- **Task to complete**: Skip every picture. Print each line from the one containing "asdfkitty*黑色貓咪" through the end of the records below, word for word.

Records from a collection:

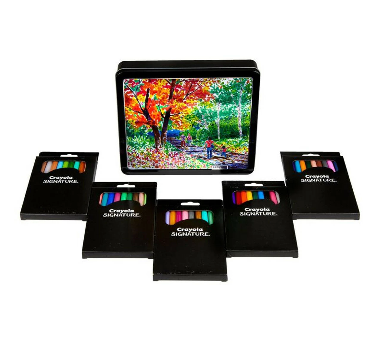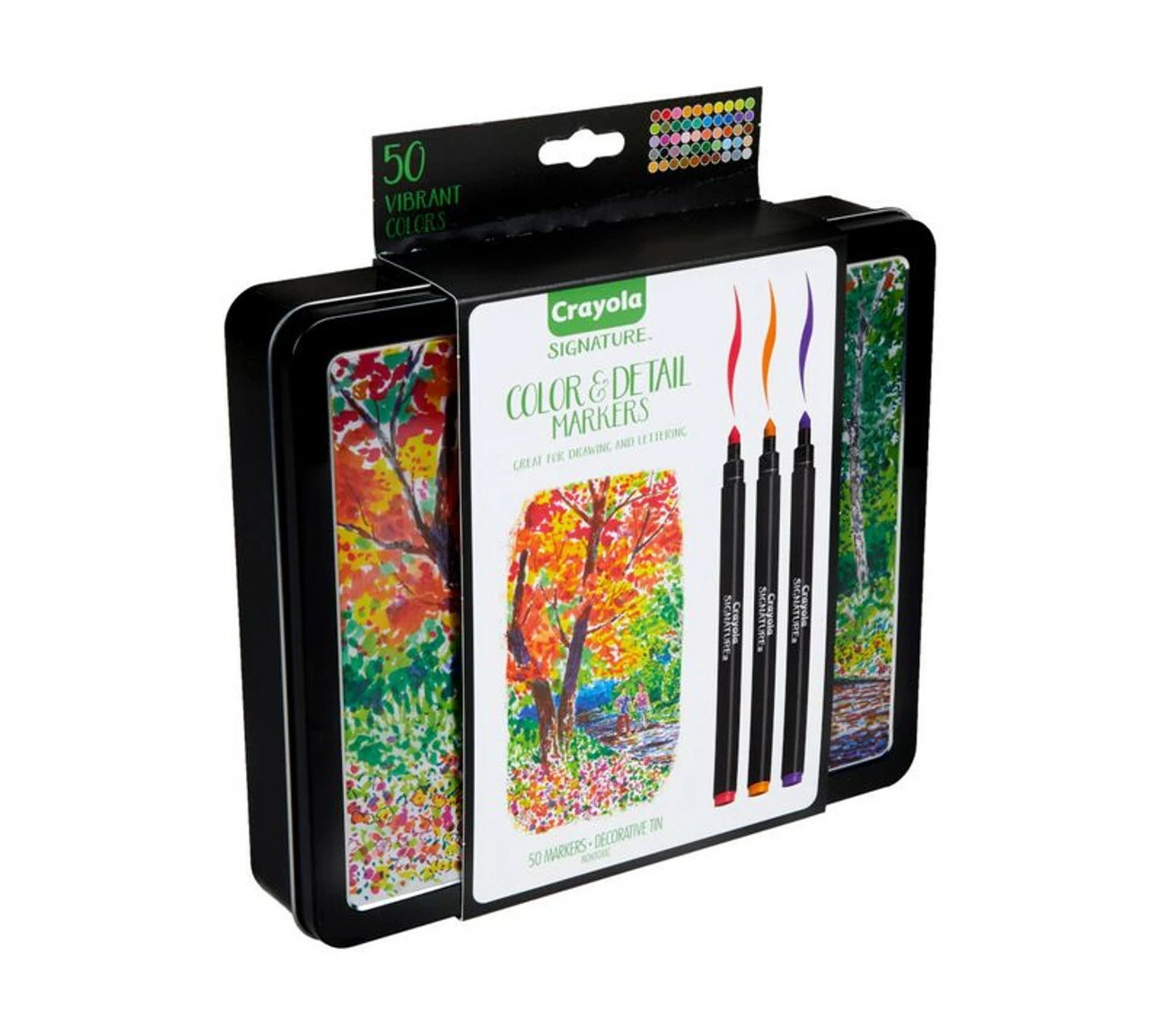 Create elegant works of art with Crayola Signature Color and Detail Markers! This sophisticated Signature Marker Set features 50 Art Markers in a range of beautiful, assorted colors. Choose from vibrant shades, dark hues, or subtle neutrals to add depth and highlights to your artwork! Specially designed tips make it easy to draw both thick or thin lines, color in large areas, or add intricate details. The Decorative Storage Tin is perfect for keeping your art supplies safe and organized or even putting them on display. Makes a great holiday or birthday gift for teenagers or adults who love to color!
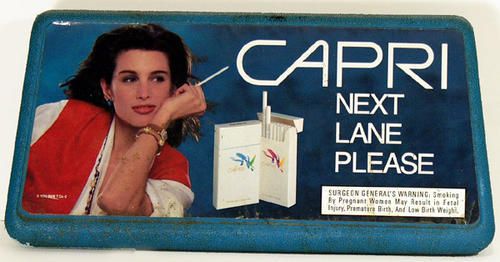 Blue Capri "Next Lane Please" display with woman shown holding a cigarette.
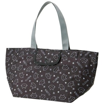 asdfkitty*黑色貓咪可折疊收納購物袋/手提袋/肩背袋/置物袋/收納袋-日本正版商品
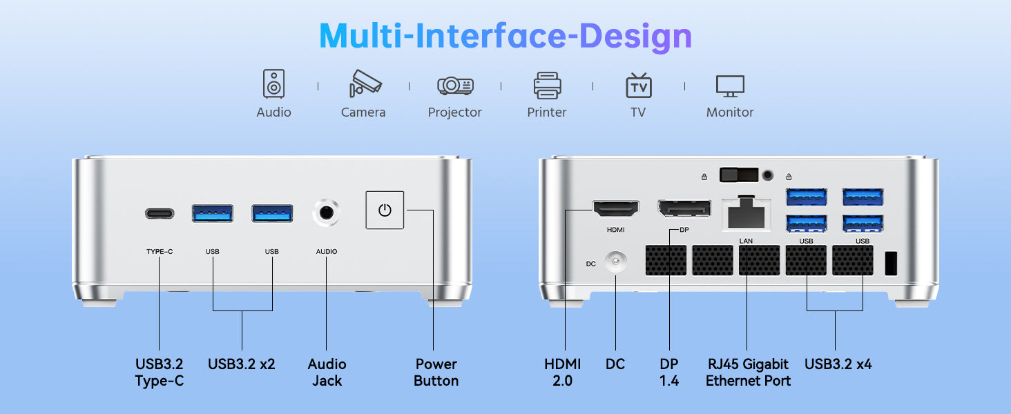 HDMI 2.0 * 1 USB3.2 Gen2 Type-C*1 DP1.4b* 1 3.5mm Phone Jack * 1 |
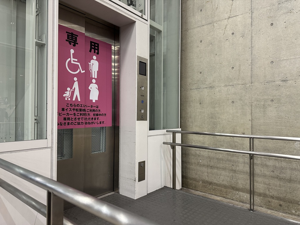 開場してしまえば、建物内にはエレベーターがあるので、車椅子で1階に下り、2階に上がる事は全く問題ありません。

- **Output of the task**:
 asdfkitty*黑色貓咪可折疊收納購物袋/手提袋/肩背袋/置物袋/收納袋-日本正版商品
 HDMI 2.0 * 1 USB3.2 Gen2 Type-C*1 DP1.4b* 1 3.5mm Phone Jack * 1 |
 開場してしまえば、建物内にはエレベーターがあるので、車椅子で1階に下り、2階に上がる事は全く問題ありません。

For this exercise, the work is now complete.